City in California, United States

Ione (/aɪˈoʊn/ eye-OWN-') is a city in Amador County, California, United States. As of the 2020 census the population is 5,141, which is a 35.1% decrease from the 2010 census. Once known as "Bedbug" and "Freeze Out," Ione was an important supply center on the main road to the Mother Lode and Southern Mines during the California gold rush.

==History==
Ione is the historical home of the Sierra Miwok Indians. In 1840, the future town site became part of the Mexican land grant Rancho Arroyo Seco in Alta California.

The town is located in the fertile Ione Valley; it is believed to have been named by Thomas Brown around 1849 after one of the heroines in Edward Bulwer-Lytton's drama The Last Days of Pompeii, but conflicting legends and sources for the name exist. During the days of the California gold rush, the miners knew the town by the names of "Bedbug" and "Freezeout." Unlike other communities in Amador County that were founded on gold mining, Ione was a supply center, stage and rail stop, and agricultural hub.

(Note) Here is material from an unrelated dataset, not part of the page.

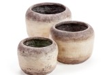 The pots are a trio of a small piece, a medium-sized piece and a large piece. The top edge and bottom edge of the pots have a slightly darker, almost grey appearance as compared to the concrete-white tone of the body of the pots.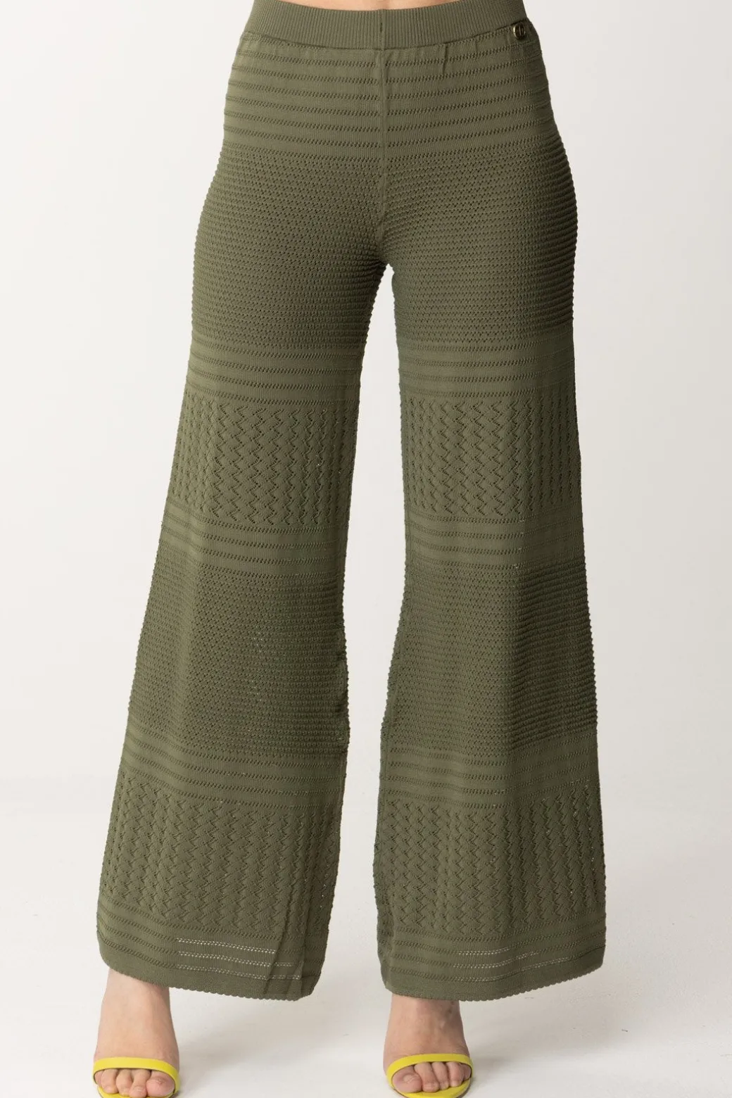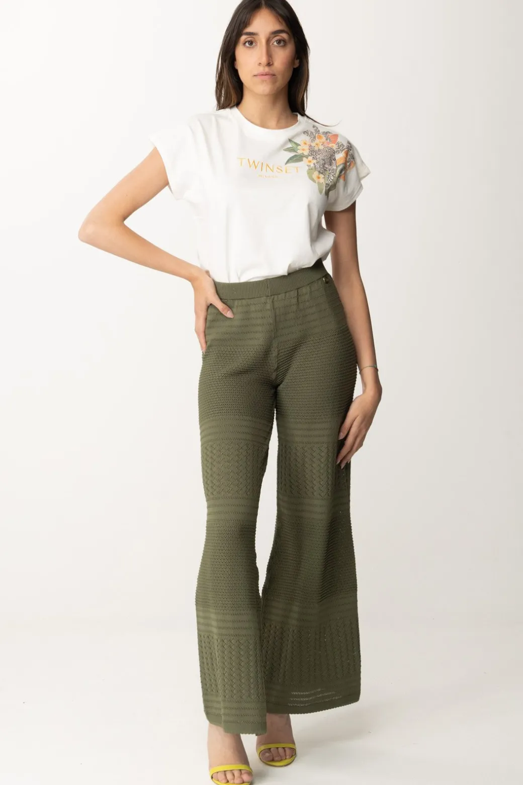 Comodi e versatili pantaloni in maglia Twinset, caratterizzati da un mix di punti lungo la gamba ampia e leggermente svasata. Bellissimi di giorno, bellissimi di sera: gioca con gli abbinamenti e goditi questo capo passe-par-tout con la usa allure sempre chic e femminile.

The first post office opened in 1852. The town of Ione continued to grow and prosper after its gold rush founding. The first school was built in 1853. The historic Methodist Church was organized in 1853 and the structure was completed in 1862. The first flour mill was built in 1855. The first brick building was built by Daniel Stewart, D. Stewart Company Store, in 1855 for his general merchandise store. It is still owned and operated by Stewart family descendants.

In March 1865, Camp Jackson was built nearby. It was garrisoned by Company D, 2nd California Volunteer Cavalry, who stayed for three months before moving to a new post.

At the centennial celebration of 1876, Ione had a population of about 600, which included about 100 Chinese who lived in Ione's Chinatown. The town included one public school, four churches, four general stores, one meat market, one laundry, one brewery, a restaurant, millinery shop, an art gallery, six saloons, a drug store and barber shop, and many other business establishments. The centennial also celebrated the completion of the Stockton and Ione Railroad, which had been incorporated in 1873 to build a 40 mi long narrow gauge railroad from Stockton via Linden to Ione. It ceased operations in 1876.

The centennial celebration was the beginning of what is now known as the Ione Homecoming. This annual celebration has been held during the month of May almost every year since that first Centennial celebration in 1876. It is held annually on the second full weekend in May.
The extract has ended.